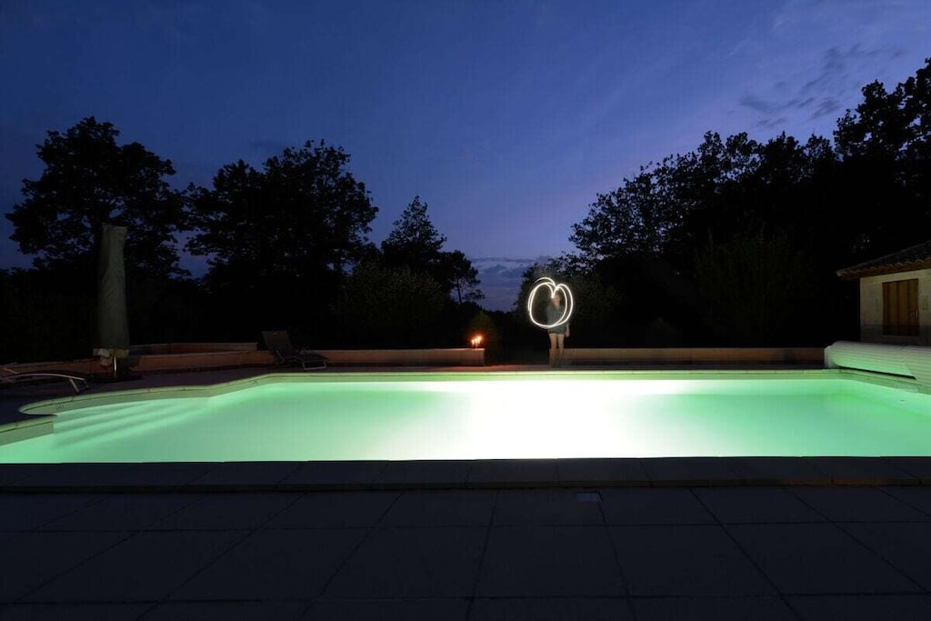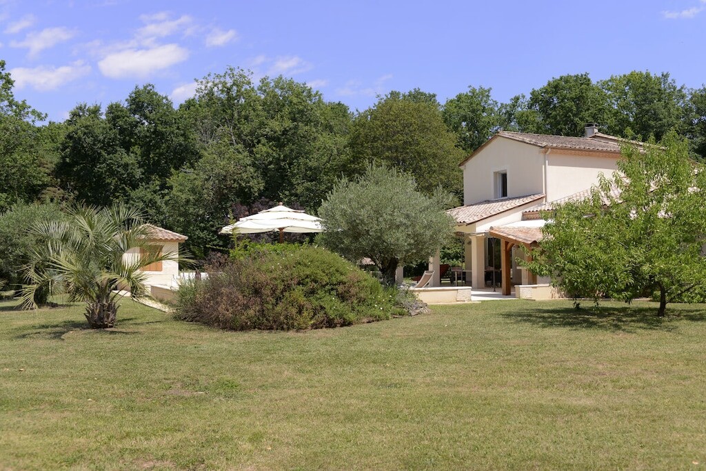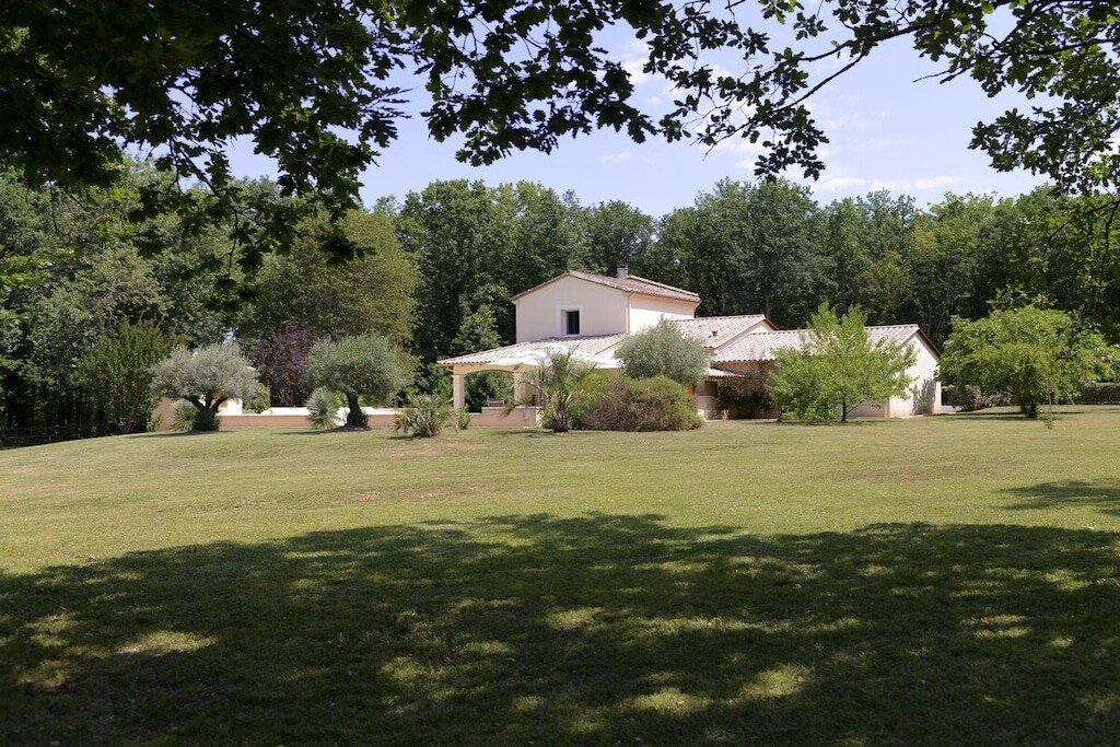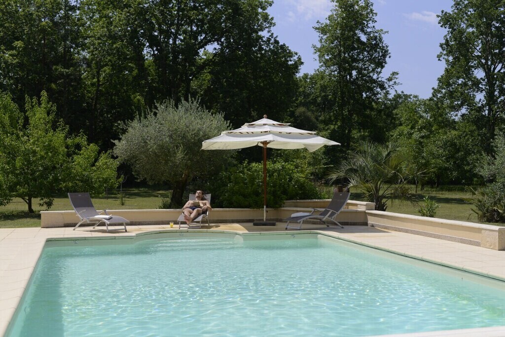 Het terrein van 2 hectare biedt privébossen, uitgestrekte gazons, fruitbomen en een aangrenzend walnotenbos, op slechts 2 minuten van het Chateau de Bannes. Gasten kunnen genieten van de serene omgeving, af en toe een bezoek van herten en verschillende vogelsoorten. Een ecologisch verwarmd zwembad van 5x10 m, beschikbaar van half april tot oktober, verbetert de buitenervaring.
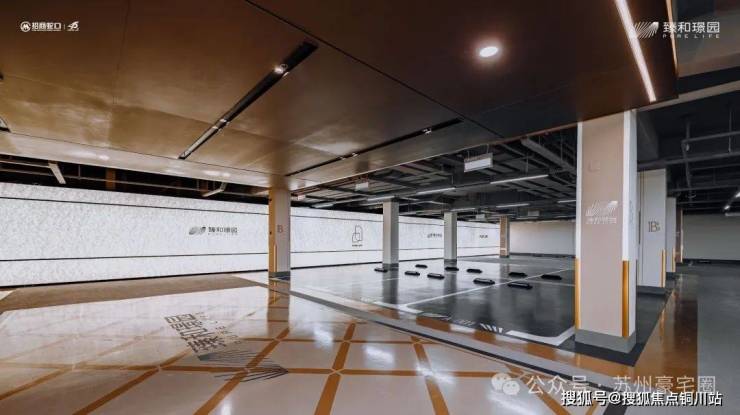 地下入户大堂几乎做到同等规格;车库落客区吊顶运用蜂窝铝板搭配射灯造型,墙面米色大板搭配石材抽槽造型,归家仪式感直接拉满。
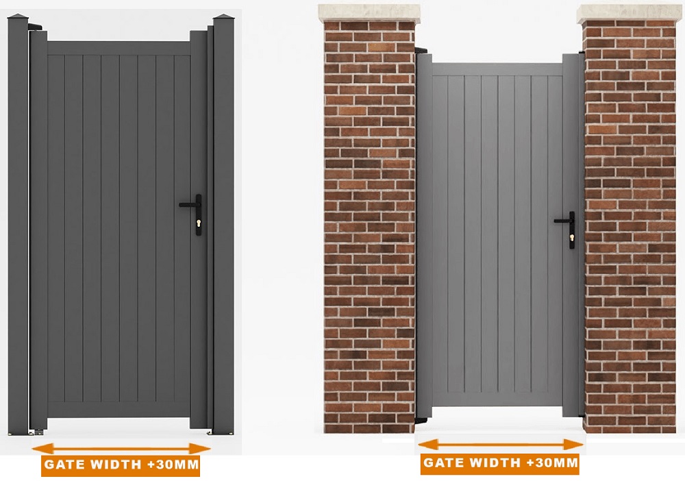 To ensure you have sufficient space for the top and bottom hinges, the height of the wall or posts needs to be at least 100mm taller than the physical height of the gate you purchase.
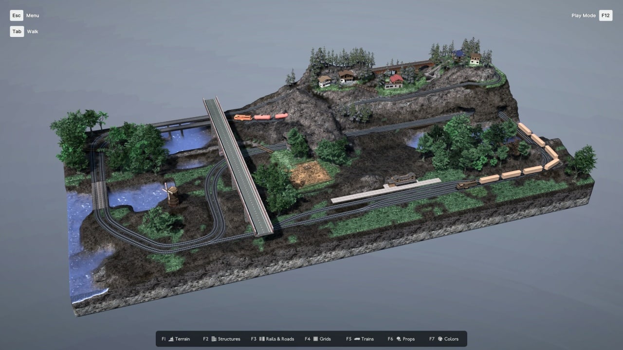 Но на этом игра не заканчивается - вы также можете добавить деревья, кустарники, пластмассовых людей, дома, мосты, статуи, памятники, особняки, замки, башни, маяки, квартиры и виллы, акведуки и многое другое к вашему шедевру. Вы будете поражены тем, что можно создать из маленьких блоков дерева и камня. Откиньтесь на спинку кресла, расслабьтесь и наслаждайтесь видом, пока ваши крошечные поезда движутся вдоль вашего величественного творения. Пришло время дать волю воображению и построить мир, который действительно является вашим собственным.
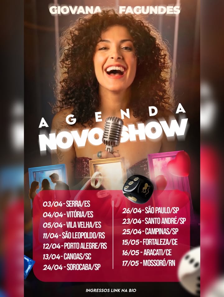 >>220420022>… Pelo meu novo show de stand up sobre Relacionamento & Não monogamia - interativo, com vários quadros, paródias, dinâmicas - a plateia participa, as vezes até beija na boca kkk e o feedback tem sido INCRÍVEL >Eu estarei nessas próximas cidades aí e eu te espero lá - link na bio
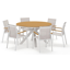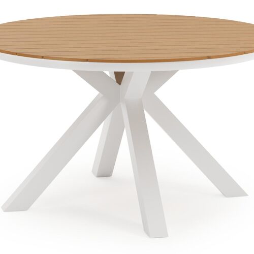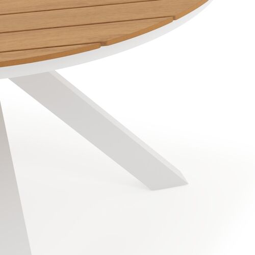 De Tora tuintafel is een collectie met ronde tafels. De kenmerkende kruispoot splitst zich onder het frame uit in vier gespreide poten, wat zorgt voor extra stabiliteit.
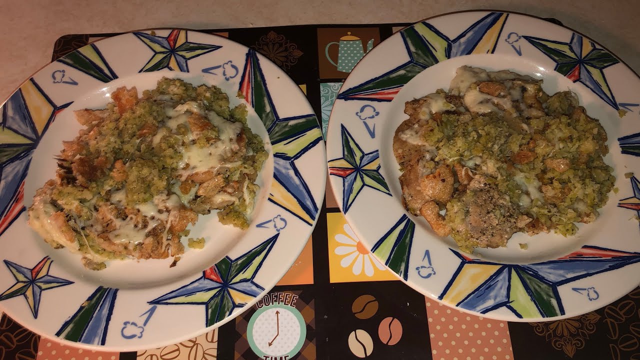 Start by preheating the oven on 400 then start cooking up your pork chops stove top with 4 tbsp of olive oil, heavily pink salt, light pepper, light Italian seasoning cover and cook on a medium heat, while that’s cooking heat up your riced broccoli in the microwave for 6 mins, when your pork chops are done on one side turn over and add more pink salt, light pepper, light Italian seasoning cover again and let finish cooking now take your cooked riced broccoli and add it to a cake pan with 1/2 cup of Alfredo sauce, mix well and spread out on the bottom of the cake pan and add over your cooked pork chops and hand crush up 1 servings of plain porkrinds then put into the oven for 20 mins after 20 mins add 1 cup of mozzarella cheese and bake again for 5 mins then take out and serve up!!!! 18 net carbs for the whole dish.
· · · · ·
Return the lines from the one that contains "link na bio" through the final line of the listing above, inclusive. Transcribe them exactly and drop the pictures.

- TASK ANSWER -
 >>220420022>… Pelo meu novo show de stand up sobre Relacionamento & Não monogamia - interativo, com vários quadros, paródias, dinâmicas - a plateia participa, as vezes até beija na boca kkk e o feedback tem sido INCRÍVEL >Eu estarei nessas próximas cidades aí e eu te espero lá - link na bio
 De Tora tuintafel is een collectie met ronde tafels. De kenmerkende kruispoot splitst zich onder het frame uit in vier gespreide poten, wat zorgt voor extra stabiliteit.
 Start by preheating the oven on 400 then start cooking up your pork chops stove top with 4 tbsp of olive oil, heavily pink salt, light pepper, light Italian seasoning cover and cook on a medium heat, while that’s cooking heat up your riced broccoli in the microwave for 6 mins, when your pork chops are done on one side turn over and add more pink salt, light pepper, light Italian seasoning cover again and let finish cooking now take your cooked riced broccoli and add it to a cake pan with 1/2 cup of Alfredo sauce, mix well and spread out on the bottom of the cake pan and add over your cooked pork chops and hand crush up 1 servings of plain porkrinds then put into the oven for 20 mins after 20 mins add 1 cup of mozzarella cheese and bake again for 5 mins then take out and serve up!!!! 18 net carbs for the whole dish.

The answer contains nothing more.